From: [email protected] (Todd D. Hale)
Subject: Re: Caller ID in Software?
Organization: Novell, Inc., Provo, UT, USA
Date: Wed, 22 Dec 1993 15:54:32 GMT


In article <[email protected]> Paul Robinson <[email protected]>
writes:

>> Are there any tools that do Caller ID in software? I really do not
>> want to buy a box when I have all these nice computers sitting here
>> ready to do some work for me.

> Software only goes so far.  Caller ID is sent on a telephone line as a
> stream of data between rings to a telephone line which is on-hook.
> Therefore, you still need hardware that can monitor an on-hook line ...
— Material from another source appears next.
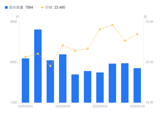 1月27日消息,数据显示,截至2026年1月20日,晶华微A股股东总户数为7884户,较上期(2025年11月10日)减少97户,降幅1.22%。公司最新A股总股本为1.21亿股,其中流通A股6028.51万股,户均持有流通A股数量为7646.51股,较上期增加92.93股,增幅1.23%;户均持流通A股市值17.95万元,较上期增加8376.04元,增幅4.89%。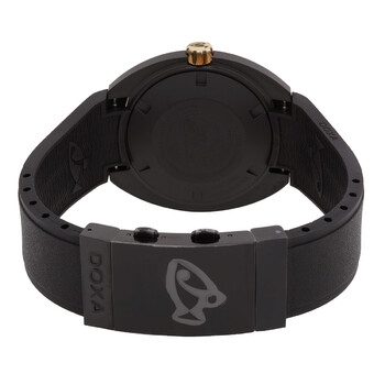 Black yellow gold & titanium case with a black rubber strap. Uni-directional rotating black ceramic bezel. Black dial with gold-tone hands and index hour markers. Minute markers around the outer rim. Dial Type: Analog. Luminescent hands and markers. Automatic movement. Scratch resistant sapphire crystal. Screw down crown. Solid case back. Round case shape, case size: 44.5 mm, case thickness: 11.95 mm. Band width: 20 mm. Folding clasp. Water resistant at 300 meters / 1000 feet. Functions: hour, minute, second. Sub 300 Beta Sharkhunter Series. Sport watch style. Watch label: Swiss Made. Doxa SUB 300 Beta Sharkhunter Automatic Black Dial Men's Watch 830.20.101ND.20.

So, what is the easiest (cheapest) way to access Caller ID?  What
simple hardware device is available to do this?  And, which modems
allow me to access it before the phone is answered?


Thanks in advance!

Todd D. Hale     [email protected]   [email protected]
Unofficially speaking, of course.


[TELECOM Digest Editor's Note: The cheapest and most effecient way is
to purchase a Caller-ID Display box from telco or some other supplier
of same. Seriously. Don't bother re-inventing the whole process. In
addition, there are modems which display Caller-ID messages in the
process of otherwise doing their thing.  PAT]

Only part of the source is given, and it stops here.